What Are Gargoyles

Gargoyles are part of the marketing campaign by the Christian religion to convert new christians. When the churches with gargoyles on were built, a lot of people believed in ghosts, evil spirits and the like. Furthermore, most people couldn't read or write. How could the church reach all these people and make them believers?

Gargoyle on Notre Dame in Paris, France

The church decided to use symbols and symbolism - cartoon characters. Churches were frequently the first buildings in an area built of stone and brick rather than wood or dirt, making them good places to fortify and be protected from attackers. Churches were considered sanctuaries even by robbers and killers, inside a church you were safe from many of the problems of the outside world. Spiritually, evil spirits and all the bad things that might be out to get you in the outside world would never enter a church, because it is God's house and God is keeping them out - they are too scared to enter.

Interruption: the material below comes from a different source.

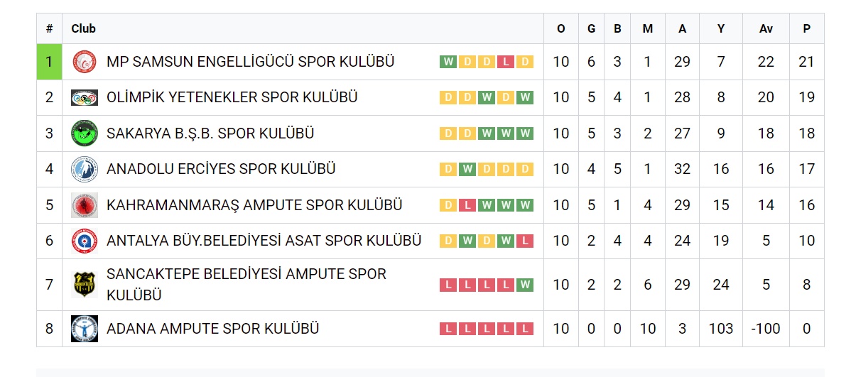 Bu sonuçla puanını 16’ya çıkaran Kahramanmaraş Ampute Spor Kulübü, haftayı 5. sırada tamamladı. Zirve yarışında darbe alan Sakarya B.Ş.B. Spor Kulübü ise 18 puanda ve 3. sırada kaldı.

Gargoyle on The Nidaros Dome in Trondheim, Norway

Gargoyles are church advertizing signs, cartoons, telling people who can't read that this is the kind of bad spirits and monsters you may run into when you're outside the church, whereas you're safe and with less worries when you're inside the church, both literally and figuratively. When you're a believer, you're protected from bad things that might be out to get you, but as a believer you're inside, out of reach of the evil on the outside. On the Nidaros Dome in Trondheim, Norway, the theme is expanded to how it could look if the outside bad spirits get to you if you're a heathen.

Gargoyle on Stephansdom in Vienna, Austria

The church builders did not stick to the scary theme all the time, but could get creative with the concept of different even funny ways to have water spout from a figure. On the Stephansdom in Vienna there is a cow spouting water from its mouth and a man with a pot on his shoulder from which the rain water exits.